Kara Babcock

I read, write, code, and knit.

A look back at NaNoWriMo

Note: This post was written before I realized I was trans and/or before I came out online. As such, I might refer to myself as a man or use my deadname. Please read my name policy to understand how you should refer to me.

I meant to post this earlier, but somewhere along the way I forgot about it. Anyway.

At the end of October, the part of me that is absolutely, certifiably insane decided that I would be doing NaNoWriMo this November. This was two days before the start. I had no outline, only the inklings of a story idea, and I knew November was going to be busy in terms of both school and work.

"Oh, it'll be fine," Certifiably Insane Ben said to Rational Cautious Ben.

"This will all end in tears," Rational Cautious Ben replied, then booked tickets for a far away island.

Well Rational Cautious Ben returned at the beginning of December to take a look at what Certifiably Insane Ben wrote in November. Suffice it to say I didn't reach the goal of 50,000 words. I reached 27,145 words on November 19 and it stayed that way for the rest of the month. Now, I know that it isn't about achieving the 50,000 mark (although that's nice). I know that it's about actually starting to write, actually doing something instead of just saying I'll start to write. So in that respect, I accomplished something.

Prior to this year I've eschewed NaNoWriMo, mostly to avoid this sort of disappointment. Time management has always been a personal demon--not so much procrastination as a pathological avoidance of any sort of completion. I'm sure most will agree: it's easy to start new projects, but the trick is to finish them. I've managed it once or twice, and the results were usually mediocre enough that the very achievement of finishing was better than the final product.

It's clear that two days before NaNoWriMo began wasn't the most practical time to make the decision to participate. I don't write with a firm outline, but I always have a well-formed idea of how the beginning, middle, and especially the end. This time I came up with a plot synopsis in two days, and the end was . . . well, it just happened to be the end. It wasn't the end that grows organically in my head over the course of several weeks as I meditate on my latest, greatest plot obsession.

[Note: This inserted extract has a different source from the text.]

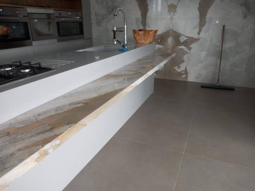 Bancada em Mármore Calacataa oro Polido com detalhe em Onix

I've had a taste of how the other side lives now, and I don't think I'll be doing NaNoWriMo next year. November just isn't a good month in which to try and knock out 50,000 consecutive words. All the more power to those of my friends who managed to achieve or exceed their goal! Congratulations! As for me, I'm going to put aside the project I worked on in November and spend December trying to come up with a more fully-realized idea. And reading lots more books.